Question

Why should the following code in Java

System.out.println(new Integer(1)/ new Double(0));

print 'Infinity' and not undefined. Isn't that mathematically wrong?

Was it helpful?

Solution 2

In mathematics, there are many different structures that support arithmetic. The most prominent ones, such as the natural numbers, the integers, and the real numbers, do not include infinity. In those systems, division by zero is not supported.

Other systems do include at least one infinity. See, for example, the real projective line. It does permit division by zero.

There is only one way to know what is mathematically defined or undefined in a particular system - study that system.

Similarly, whether operations are commutative (a op b == b op a) and/or associative (a op (b op c) == (a op b) op c) depends on the system and the operation.

IEEE 754 binary floating point is a system with a finite set of elements, including two infinities. Addition and multiplication are both commutative but not associative. Java real and double arithmetic are based on it. The Java Language Specification is the only way to know for sure what is or is not defined in Java floating point arithmetic.

Many of the worst errors in using floating point have their basis in assuming that floating point numbers are real numbers, rather than a valid but different system.

OTHER TIPS

This is consistent with the IEEE 754 standard on floating-point, which Java follows.

No, you can't divide by zero in math, but in Java Infinity is correct for new Integer(1)/ new Double(0). new Integer(0)/ new Double(0) would be undefined (NaN).

Java follows IEEE standards, so for floating point operations such as this, Infinity is correct. Had it been 1/0, an ArithmeticException would have occurred, because in integer division, division by zero is not allowed; there is no int representation for infinity.

Specifically, in the JLS, Section 15.17.2:

[I]f the value of the divisor in an integer division is 0, then an ArithmeticException is thrown.

And

The result of a floating-point division is determined by the rules of IEEE 754 arithmetic:

Division of a zero by a zero results in NaN Division of a nonzero finite value by a zero results in a signed infinity.

In short: floating point numbers can represent infinity (or even operations that yield values which aren't numbers) so an operation that results in this (e.g. dividing by 0) is valid.

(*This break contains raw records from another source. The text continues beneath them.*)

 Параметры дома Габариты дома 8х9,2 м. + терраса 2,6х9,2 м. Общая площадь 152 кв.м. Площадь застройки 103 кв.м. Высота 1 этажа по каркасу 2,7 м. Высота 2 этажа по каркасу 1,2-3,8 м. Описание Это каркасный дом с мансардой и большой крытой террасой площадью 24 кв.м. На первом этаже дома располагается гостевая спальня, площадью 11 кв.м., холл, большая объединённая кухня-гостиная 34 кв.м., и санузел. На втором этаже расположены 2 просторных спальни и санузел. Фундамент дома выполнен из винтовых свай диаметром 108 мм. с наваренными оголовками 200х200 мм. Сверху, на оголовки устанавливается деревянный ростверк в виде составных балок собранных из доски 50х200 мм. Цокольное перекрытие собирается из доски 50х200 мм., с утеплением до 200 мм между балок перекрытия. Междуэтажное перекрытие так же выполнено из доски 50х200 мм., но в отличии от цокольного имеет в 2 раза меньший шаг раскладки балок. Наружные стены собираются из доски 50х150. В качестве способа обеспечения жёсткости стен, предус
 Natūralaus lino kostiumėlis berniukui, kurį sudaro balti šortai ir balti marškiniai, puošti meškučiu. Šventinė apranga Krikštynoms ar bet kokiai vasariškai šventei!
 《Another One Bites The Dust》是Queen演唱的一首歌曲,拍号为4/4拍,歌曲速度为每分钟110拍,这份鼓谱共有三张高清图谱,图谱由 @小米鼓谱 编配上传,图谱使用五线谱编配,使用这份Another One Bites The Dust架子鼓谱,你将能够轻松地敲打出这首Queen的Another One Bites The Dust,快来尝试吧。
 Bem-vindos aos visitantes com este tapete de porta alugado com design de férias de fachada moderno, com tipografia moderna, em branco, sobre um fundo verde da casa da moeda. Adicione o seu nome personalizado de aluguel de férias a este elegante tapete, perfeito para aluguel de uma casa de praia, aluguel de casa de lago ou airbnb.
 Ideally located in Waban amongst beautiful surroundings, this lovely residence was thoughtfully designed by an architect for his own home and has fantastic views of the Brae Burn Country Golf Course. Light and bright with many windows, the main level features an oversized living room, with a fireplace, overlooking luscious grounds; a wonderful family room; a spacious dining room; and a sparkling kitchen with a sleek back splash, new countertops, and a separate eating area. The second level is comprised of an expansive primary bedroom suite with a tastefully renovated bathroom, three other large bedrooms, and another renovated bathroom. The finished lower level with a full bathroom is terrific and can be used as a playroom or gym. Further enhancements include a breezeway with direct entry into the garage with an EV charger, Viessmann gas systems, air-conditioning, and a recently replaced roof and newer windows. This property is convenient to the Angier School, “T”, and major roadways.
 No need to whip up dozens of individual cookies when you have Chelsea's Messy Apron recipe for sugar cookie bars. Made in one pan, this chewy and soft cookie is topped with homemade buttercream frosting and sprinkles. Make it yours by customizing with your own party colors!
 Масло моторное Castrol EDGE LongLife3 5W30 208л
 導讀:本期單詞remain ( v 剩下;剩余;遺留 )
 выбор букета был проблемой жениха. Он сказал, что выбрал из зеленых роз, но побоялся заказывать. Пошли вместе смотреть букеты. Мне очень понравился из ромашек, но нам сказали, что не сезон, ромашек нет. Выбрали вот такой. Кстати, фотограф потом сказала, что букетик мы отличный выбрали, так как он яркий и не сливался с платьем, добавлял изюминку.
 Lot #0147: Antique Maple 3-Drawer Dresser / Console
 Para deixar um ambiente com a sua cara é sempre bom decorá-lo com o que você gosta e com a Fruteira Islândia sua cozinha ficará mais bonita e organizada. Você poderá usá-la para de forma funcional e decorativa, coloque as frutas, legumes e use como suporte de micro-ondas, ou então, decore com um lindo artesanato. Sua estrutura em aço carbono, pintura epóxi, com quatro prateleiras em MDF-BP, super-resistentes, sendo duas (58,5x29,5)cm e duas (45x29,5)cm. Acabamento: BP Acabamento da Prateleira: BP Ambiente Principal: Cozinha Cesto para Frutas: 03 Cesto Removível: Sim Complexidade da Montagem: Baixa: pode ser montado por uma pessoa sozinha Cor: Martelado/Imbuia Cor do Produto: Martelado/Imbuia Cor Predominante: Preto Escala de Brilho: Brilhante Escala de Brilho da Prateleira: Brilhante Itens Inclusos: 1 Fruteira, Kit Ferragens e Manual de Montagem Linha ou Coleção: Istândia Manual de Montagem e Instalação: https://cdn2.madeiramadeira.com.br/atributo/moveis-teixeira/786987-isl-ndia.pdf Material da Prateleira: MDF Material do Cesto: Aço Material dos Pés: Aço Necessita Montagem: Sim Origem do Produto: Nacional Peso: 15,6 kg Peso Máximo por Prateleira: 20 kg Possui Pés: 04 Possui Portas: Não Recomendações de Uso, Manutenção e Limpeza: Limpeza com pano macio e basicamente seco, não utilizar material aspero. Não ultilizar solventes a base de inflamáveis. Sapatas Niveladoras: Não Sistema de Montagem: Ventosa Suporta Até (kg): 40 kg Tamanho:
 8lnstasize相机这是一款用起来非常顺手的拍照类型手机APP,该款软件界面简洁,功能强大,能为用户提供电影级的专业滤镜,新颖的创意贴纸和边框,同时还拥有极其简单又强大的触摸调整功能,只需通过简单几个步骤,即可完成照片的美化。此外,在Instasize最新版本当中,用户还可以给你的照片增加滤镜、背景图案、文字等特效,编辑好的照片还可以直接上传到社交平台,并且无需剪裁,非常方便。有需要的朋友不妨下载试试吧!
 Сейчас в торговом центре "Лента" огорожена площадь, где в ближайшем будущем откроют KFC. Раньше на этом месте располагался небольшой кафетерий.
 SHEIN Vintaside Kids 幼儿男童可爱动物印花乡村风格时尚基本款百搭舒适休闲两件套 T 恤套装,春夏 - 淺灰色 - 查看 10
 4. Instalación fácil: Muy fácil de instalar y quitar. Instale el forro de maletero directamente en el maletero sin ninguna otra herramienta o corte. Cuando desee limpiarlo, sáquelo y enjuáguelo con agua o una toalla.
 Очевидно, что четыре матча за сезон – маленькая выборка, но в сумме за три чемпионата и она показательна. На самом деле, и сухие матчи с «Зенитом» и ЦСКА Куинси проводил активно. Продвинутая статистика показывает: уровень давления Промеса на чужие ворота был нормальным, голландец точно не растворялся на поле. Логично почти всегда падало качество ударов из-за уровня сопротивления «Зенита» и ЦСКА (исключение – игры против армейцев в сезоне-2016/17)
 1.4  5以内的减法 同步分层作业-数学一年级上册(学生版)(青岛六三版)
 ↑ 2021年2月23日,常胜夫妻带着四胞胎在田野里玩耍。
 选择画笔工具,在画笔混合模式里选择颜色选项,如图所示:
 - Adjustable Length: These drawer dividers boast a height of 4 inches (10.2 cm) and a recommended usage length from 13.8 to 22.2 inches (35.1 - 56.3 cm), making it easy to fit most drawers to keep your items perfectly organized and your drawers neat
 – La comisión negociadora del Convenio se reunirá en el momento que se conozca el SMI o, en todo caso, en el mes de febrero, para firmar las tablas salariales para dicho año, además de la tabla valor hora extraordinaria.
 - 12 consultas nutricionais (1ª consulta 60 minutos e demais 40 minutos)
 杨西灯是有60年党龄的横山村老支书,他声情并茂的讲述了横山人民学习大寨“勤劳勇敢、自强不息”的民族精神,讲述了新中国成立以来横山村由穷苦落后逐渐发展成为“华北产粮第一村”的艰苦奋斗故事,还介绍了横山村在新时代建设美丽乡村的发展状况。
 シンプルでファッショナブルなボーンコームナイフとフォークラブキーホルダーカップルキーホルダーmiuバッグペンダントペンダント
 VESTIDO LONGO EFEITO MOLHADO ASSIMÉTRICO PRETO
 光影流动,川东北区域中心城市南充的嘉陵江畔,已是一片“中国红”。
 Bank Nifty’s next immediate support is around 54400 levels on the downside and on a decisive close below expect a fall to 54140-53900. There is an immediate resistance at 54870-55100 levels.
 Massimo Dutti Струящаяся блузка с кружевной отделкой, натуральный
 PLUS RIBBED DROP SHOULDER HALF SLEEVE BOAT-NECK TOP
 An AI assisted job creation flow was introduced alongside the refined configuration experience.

One of the better design decisions in the design of today's floating-point standards was allowing things like division by zero to yield a special sentinel value which indicates that something went out of range, rather than crashing the program. The code which uses the result can then decide to what extent such a sentinel value indicates a major problem or a minor one. For example, a program which is graphing a function may simply omit points where a value can't be computed while plotting the rest.

Rarely will a floating-point number output as its true value. Instead, it will output as some string which is sufficient to identify its value. The sentinel value which is generated when dividing a non-zero number by zero prints out as "Infinity", but that doesn't mean it's mathematically infinity. Rather, it means that it it's the sentinel value which is used to represent a result which is indistinguishable from any other number greater than roughly 2^1024 and should rank greater than any other defined result. Another sentinel value exists for a result which is indistinguishable from any other number less than -(2^1024) and should rank less than any other defined result. A third exists for results which can't be computed but don't fit either category.

The reason for using the same sentinel for computations which exceed 2^1024 and the division of a positive number by zero is that both situations can arise when dividing a very big positive number by a very small one. If the result of such a comparison would be "positive infinity", sorting above everything else, even when dividing by the most infinitesimally small positive number, it should remain when dividing by "half" of that number (which rounds to zero).